Unlike for <type> = 4, the centers for the Voronoi partition are
found by a recursive tree approach, which in many cases may be
faster. <shrink_factor> describes by which factor the number of
samples should at least be decreased. The recursion is stoppend
when either <max_width> * <size> is greater than the current
working subset or the <max_tree_depth> is reached. For both
parameters, a value of 0 means that the corresponding condition
above is ignored.
Default values (so far, they are only a brave guess) are:
<size> = 2000
<reduce> = 1
<subset_size> = 50000
<shrink_factor> = 2.0000
<max_width> = 20
<max_tree_depth> = 4

Allowed values:
<type>: integer between 0 and 6
<size>: positive integer
<number>: positive integer
<radius>: positive real
<subset_size>: non-negative integer
<reduce>: bool
<covers>: positive integer
<shrink_factor>: real > 1.0
<max_width>: non-negative integer
<max_tree_depth>: non-negative integer

Default values:
<type> = 0
r=<seed>

Initializes the random number generator with <seed>.

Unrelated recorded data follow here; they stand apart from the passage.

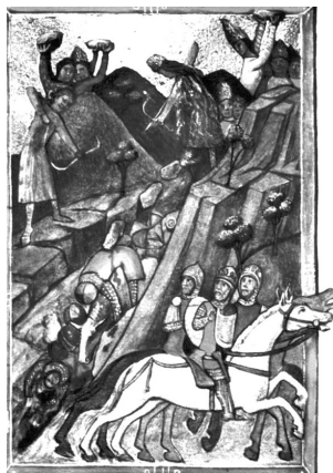
(Битва при Посаде, 9–12 ноября 1330 г.)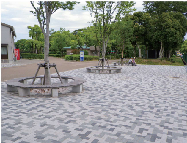
●ST-N型 H10・H11・H12【I L T】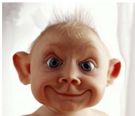
Obr. 2: Antidepressivum

\afterpage{\clearpage} – příkaz \clearpage je volán až při přechodu na novou stránku. Vyžaduje načtení balíku afterpage .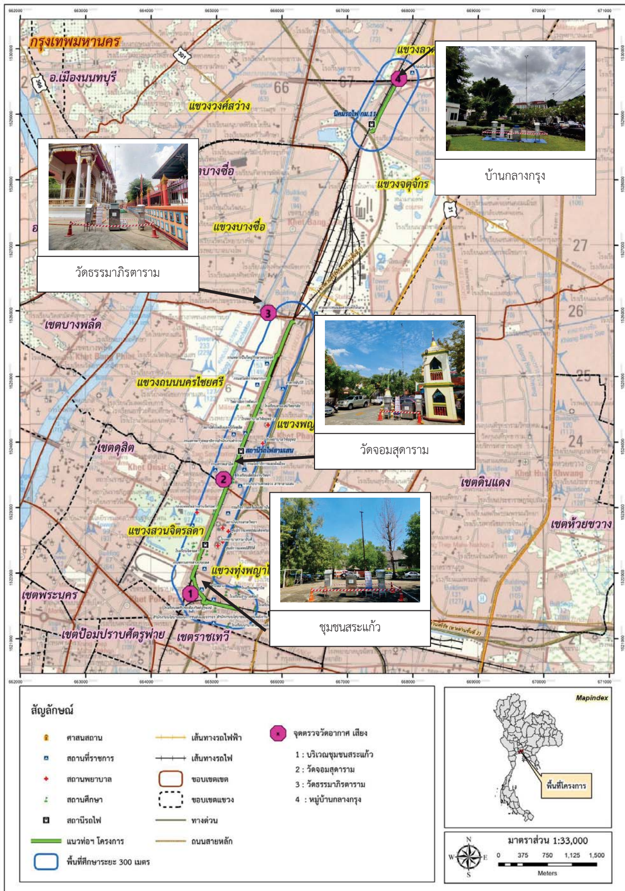
รูปที่ 3-1 แผนที่แสดงตำแหน่งสถานีตรวจวัดคุณภาพอากาศ ในระยะก่อสร้างโครงการ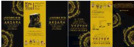
Gambar 12 Brosur

Pada saat acara berlangsung maupun dilain waktu. Brosur ini menampilkan konten yang diberikan buku Aksara Bercerita autobiografi Dimas fakhruddin. dan memberikan informasi detail acara yang diadakan pada saat peluncuran buku.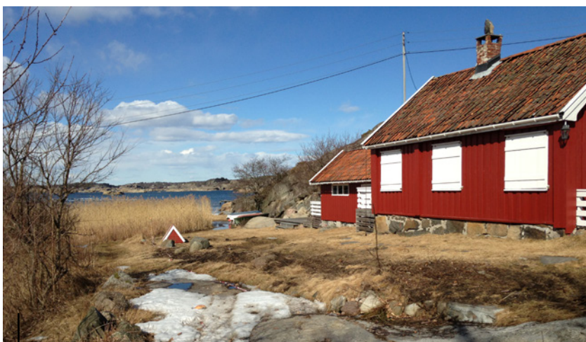
Norges Hytteforbund får stadig henvendelser fra fortvilte hytteeiere som har meldt flytting og har bodd på hytta i en årrekke, enkelte i så lenge som 15 år.

Kommunene på sin side har ikke opplyst om at man må søke bruksendring. Det er nemlig det loven krever for å kunne bo på hytta. Kommunen får inn skattepenger, men har unnlatt å informere om at hytteeieren bor på hytta ulovlig. Det har de nemlig plikt til å gjøre, i flg. Lov om behandlingssaker (forvaltningsloven) – Lovdata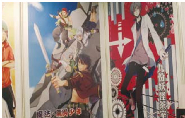
漫畫展在台熱潮年年加溫

【本報訊／台北報導】台灣最大的動漫展覽活動－漫畫博覽會，已正式邁入第十三屆，每年均吸引國內外數十萬人前來參觀，參觀人潮、參展廠商及展覽規模也逐年成長，並成為亞洲地區最重要的動漫展覽活動之一，今年主題為「FUN青春 SHOW活力」，今年暑假勢必再度成為青少年討論焦點。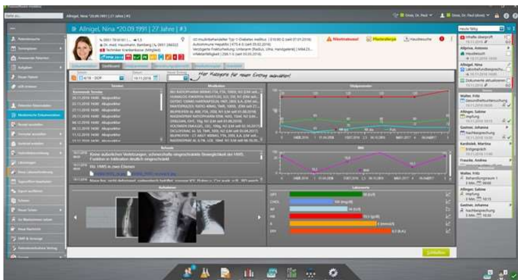
Das Aufgabenpanel rechts neben dem Dashboard.

Aufgabe. Der Arzt ruft dann aus der Aufgabe heraus per Mausklick den Laborbericht auf. Auch das Hinterlegen von Checklisten ist möglich – so wird die Aufgabe in einzelne Schritte zerlegt. Eine Checkliste für die Patientenneuaufnahme könnte etwa die Aufgabenschritte enthalten, erstens vom Patienten den Anamnesebogen ausfüllen, zweitens die Datenschutzerklärung sowie drittens die Einverständniserklärung zur Übermittlung von Daten unterschreiben zu lassen. Das Checklistenfeld ist in der Aufgabe enthalten, sodass der „Erlediger“ immer sofort den nächsten anstehenden Schritt sieht. Wiederholungs- und Routineaufgaben wie das Überprüfen des Notfallkoffers lassen sich ebenso einfach erstellen und mit Fälligkeiten versehen. So können ein Datum, auf Wunsch mit Uhrzeit, oder ein Zeitraum als Fälligkeitstermin definiert werden. Ist eine Aufgabe erledigt, genügt ein Mausklick. Kommt bei der Erledigung etwas dazwischen, wird ein Kommentar hinzugefügt oder die Aufgabe geblockt. Ist eine Aufgabe dringender als gedacht, ändert man einfach die Priorität über die rechte Maustaste.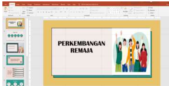
Gambar 1. Perkembangan Remaja

Pada pertemuan ini membahas perkembangan remaja mulai dari aspek fisik, kognitif, psikologis, dan sosial. Ibu-ibu diberi pengetahuan dasar terlebih dahulu terkait dengan perkembangan remaja agar ibu-ibu bisa melakukan penilaian terhadap anak remajanya pada saat ini anaknya berada di tahap/fase yang mana. Maka dapat memilih pola seperti apa yang sesuai dengan situasi atau kondisi anak remajanya tersebut. Sebagaimana pendapat Sarlito bahwa pola asuh orang tua sangat penting dalam membentuk sikap remaja (Sarlito, 2010). Sehingga orangtua harus secara seksama dan memahami pola asuh yang sesuai dengan keadaan anaknya.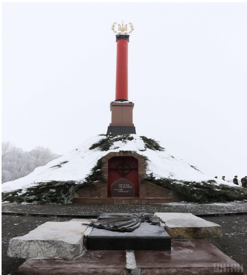
Меморіал пам'яті героїв Крут на Чернігівщині

До 80-річчя подій під Крутами Нацбанк України випустив ювілейну монету номіналом в одну гривню. А в лютому 2019 року у прокат вийшов фільм "Крути 1918", що розповів про героїчну битву українських студентів.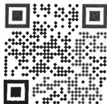
Сайт ГБОУДО им. А.В. Косарева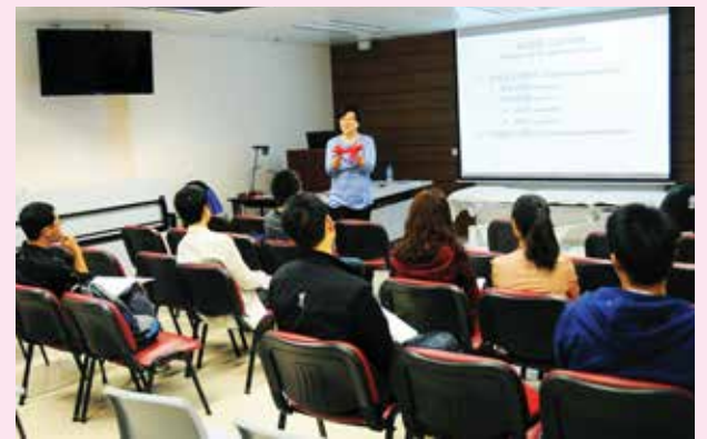
老師教導肩袖肌力量訓練的各種模式。

為四川合作單位高階康復人員提供深造培訓的「高階康復治療深造課程」已於2012年9月及11月至12月舉行兩期培訓，合共14人參加。合作單位對課程的評價非常高，反應勇躍。第三期培訓亦將於4月進行，培訓8名人員。課程著重介紹常見骨科疾病的評估及治療方法，特別是各種新技術的應用，如超聲和肌電診斷在骨科中的應用。

Meaning of specific values:
<seed> = -1 => a random seed based on the internal timer is used

Allowed values:
<seed>: integer between -1 and 2147483647

Default values:
<seed> = -1
s=c(<clipp>,[<stop_eps>])

Sets the value at which the loss is clipped in the solver to <value>. The
optional parameter <stop_eps> sets the threshold in the stopping criterion
of the solver.

Meaning of specific values:
<clipp> = -1.0 => Depending on the solver type clipp either at the
smallest possible value (depends on labels), or
do not clipp.
<clipp> = 0.0 => no clipping is applied

Allowed values:
<clipp>: -1.0 or float >= 0.0.
In addition, if <clipp> > 0.0, then <clipp> must not be smaller
than the largest absolute value of the samples.
<stop_eps>: float > 0.0

Default values:
<clipp> = -1.0
<stop_eps> = 0.0010
S=c(<solver>,[<NNs>])

Selects the SVM solver <solver> and the number <NNs> of nearest neighbors used
in the working set selection strategy (2D-solvers only).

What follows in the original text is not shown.